## PROVIDED INFORMATION
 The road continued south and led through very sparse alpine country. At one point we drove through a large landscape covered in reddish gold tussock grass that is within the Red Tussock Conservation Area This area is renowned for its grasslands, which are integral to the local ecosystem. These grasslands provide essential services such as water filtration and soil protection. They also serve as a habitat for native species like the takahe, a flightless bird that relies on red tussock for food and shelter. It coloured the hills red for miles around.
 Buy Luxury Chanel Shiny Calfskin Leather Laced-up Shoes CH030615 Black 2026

--

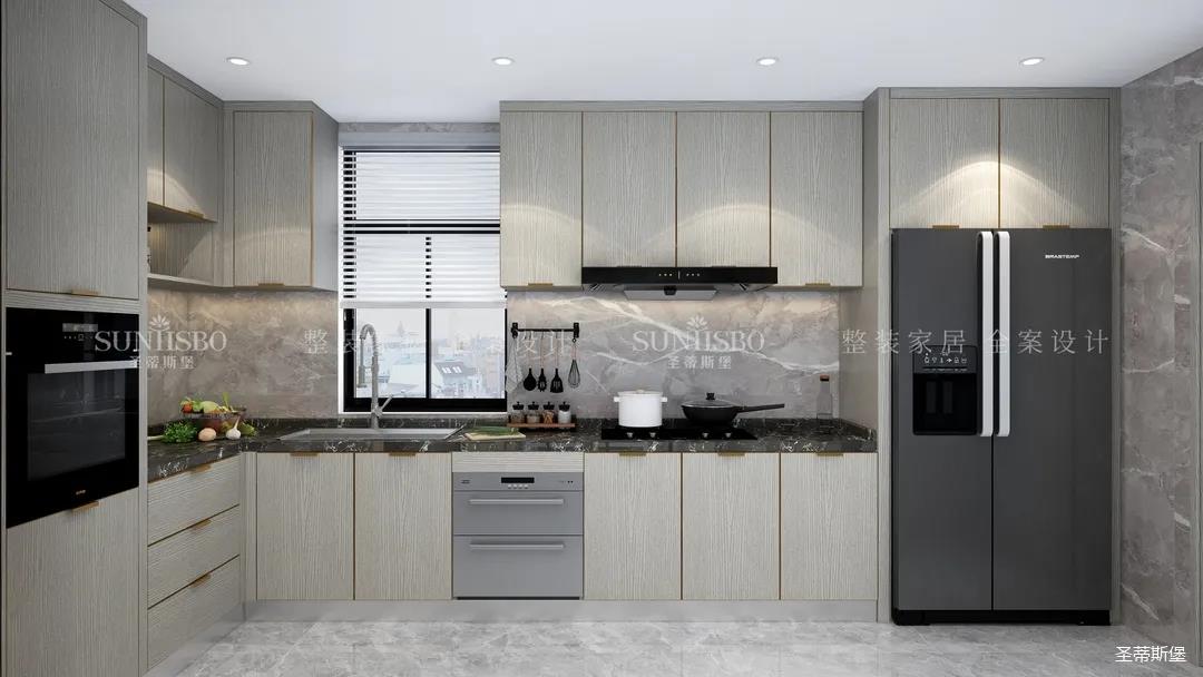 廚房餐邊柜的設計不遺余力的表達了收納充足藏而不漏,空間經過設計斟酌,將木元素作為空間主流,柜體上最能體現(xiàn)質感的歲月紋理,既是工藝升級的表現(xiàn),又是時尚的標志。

* * *

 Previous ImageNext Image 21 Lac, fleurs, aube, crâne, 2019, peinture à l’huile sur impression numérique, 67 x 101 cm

## DIRECTIONS FOR THIS TASK
Only the lines above from the line with "The road continued" to the line with "Buy Luxury Chanel", those two lines included, should be reproduced exactly.

## EXERCISE SOLUTION
 The road continued south and led through very sparse alpine country. At one point we drove through a large landscape covered in reddish gold tussock grass that is within the Red Tussock Conservation Area This area is renowned for its grasslands, which are integral to the local ecosystem. These grasslands provide essential services such as water filtration and soil protection. They also serve as a habitat for native species like the takahe, a flightless bird that relies on red tussock for food and shelter. It coloured the hills red for miles around.
 Buy Luxury Chanel Shiny Calfskin Leather Laced-up Shoes CH030615 Black 2026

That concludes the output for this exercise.